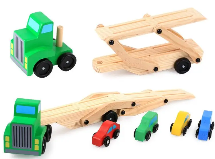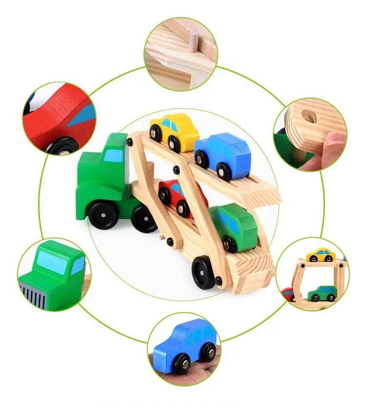 This item is a double decker truck play set, which is made by high quality wood material, safe and durable for playing. Wooden play set with a truck and four mini cars. Easy-load and lower ramps provide two levels for the vehicles. Encourages motor skills and imaginative play.
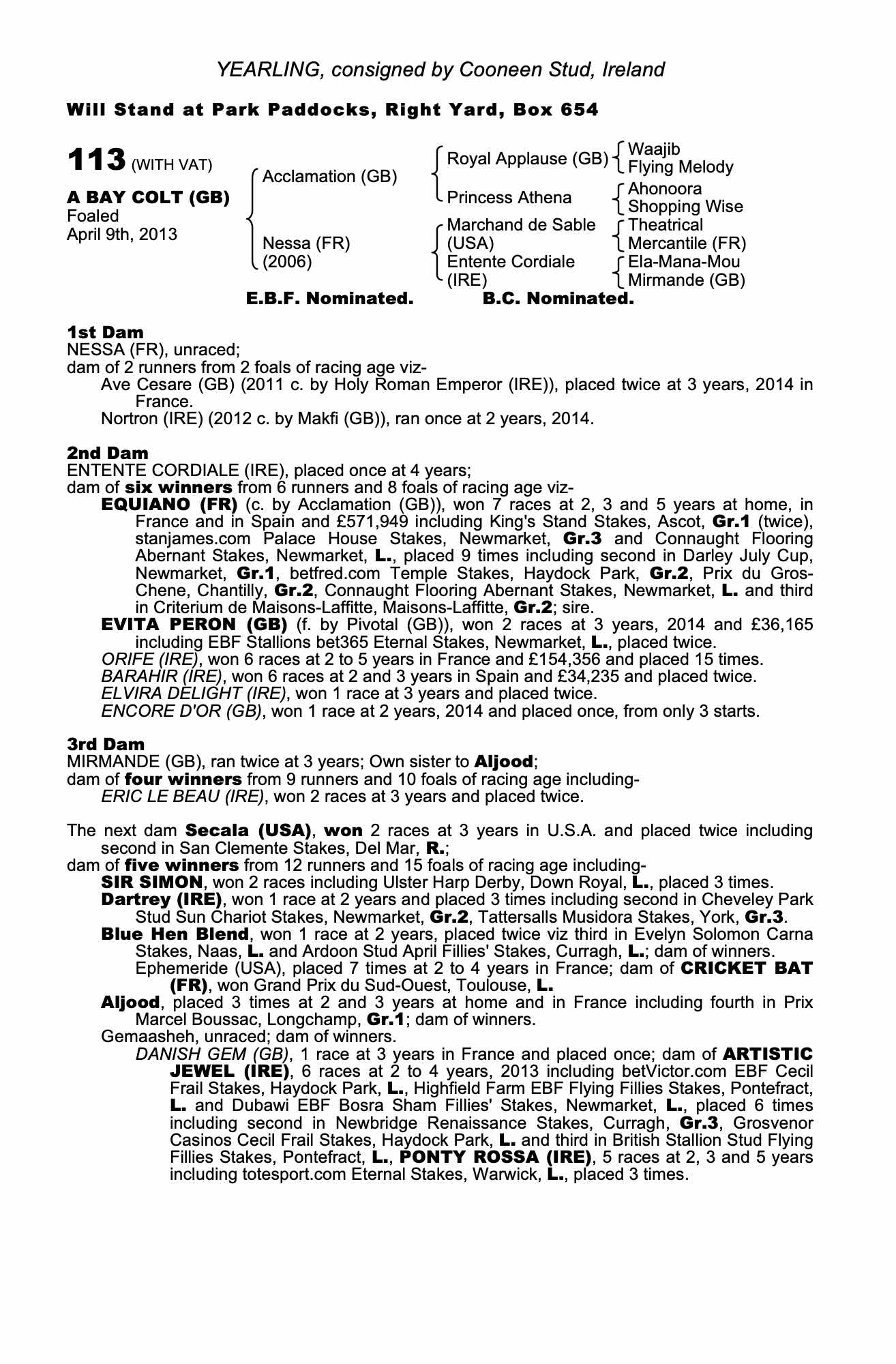 October Yearling Sale, Book 1 2012 lot 156 C. by Holy Roman Emperor (IRE) 2011, Hillwood Stud=>Vendor 62,000 gns
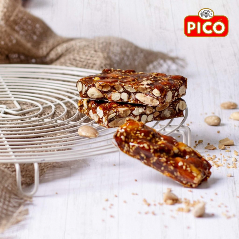 Amandes grillées (60%), sucre, miel, sirop de glucose, de graines de sésame (5%) et la tranche (l'amidon de pomme de terre et de la lécithine de tournesol - émulsifiant E-322). Traces possibles: blanc d'oeuf.
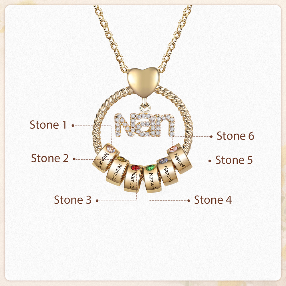 6 Names-Personalized Nan Circle Necklace Set With Rose Flower Gift Box-Custom Woman Necklace With 6 Birthstones Engraved Names Gift For Nan/Nana/Nanny/Granny
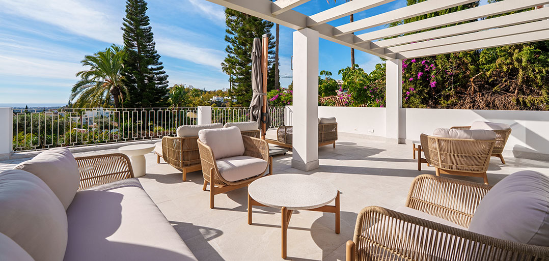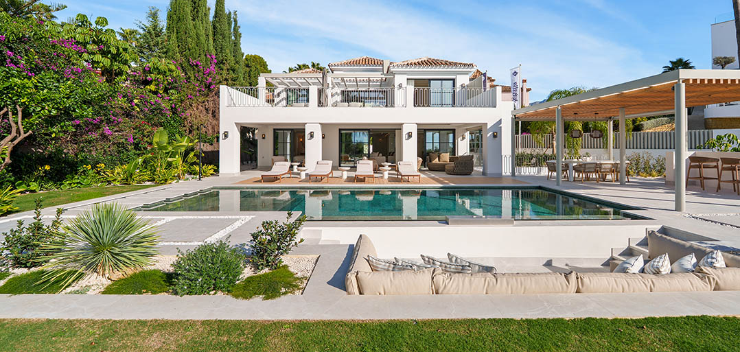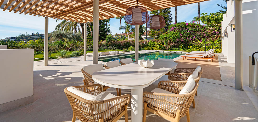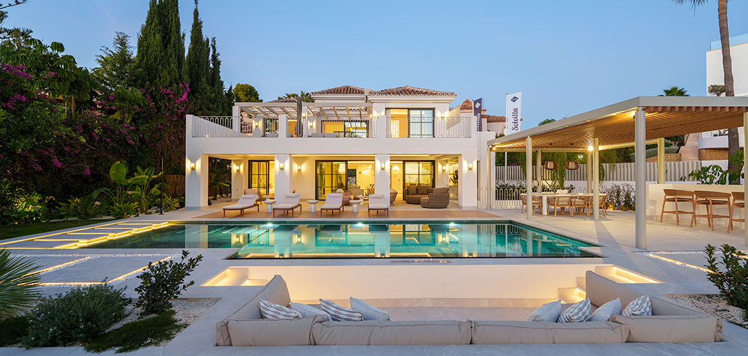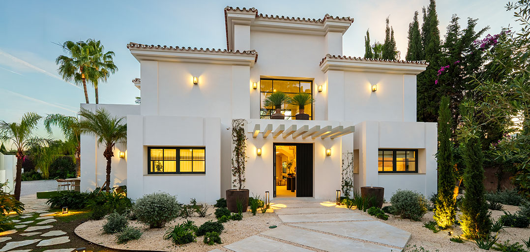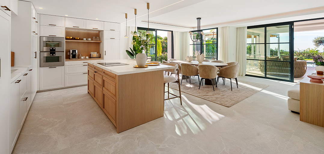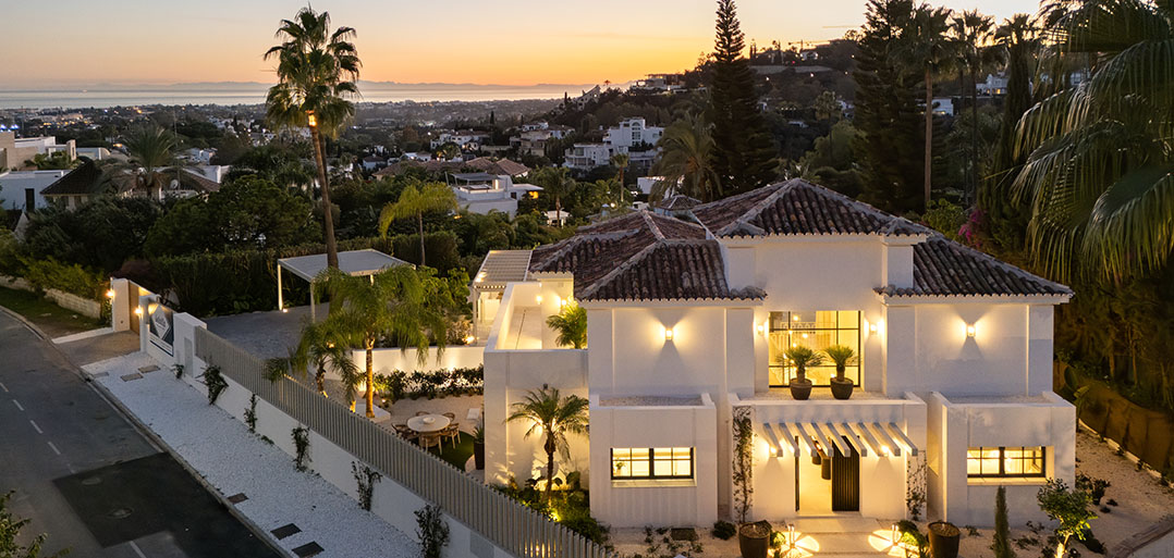A modern Mediterranean 5 bedroom home situated in La Quinta boasting incredible sea views and oozing charm combined with a family orientated spacious open plan layout.

————

#### [How to complete this task]
Output the full set of records above without changing a word, and drop the images.

#### [Output of the task]
 This item is a double decker truck play set, which is made by high quality wood material, safe and durable for playing. Wooden play set with a truck and four mini cars. Easy-load and lower ramps provide two levels for the vehicles. Encourages motor skills and imaginative play.
 October Yearling Sale, Book 1 2012 lot 156 C. by Holy Roman Emperor (IRE) 2011, Hillwood Stud=>Vendor 62,000 gns
 Amandes grillées (60%), sucre, miel, sirop de glucose, de graines de sésame (5%) et la tranche (l'amidon de pomme de terre et de la lécithine de tournesol - émulsifiant E-322). Traces possibles: blanc d'oeuf.
 6 Names-Personalized Nan Circle Necklace Set With Rose Flower Gift Box-Custom Woman Necklace With 6 Birthstones Engraved Names Gift For Nan/Nana/Nanny/Granny
A modern Mediterranean 5 bedroom home situated in La Quinta boasting incredible sea views and oozing charm combined with a family orientated spacious open plan layout.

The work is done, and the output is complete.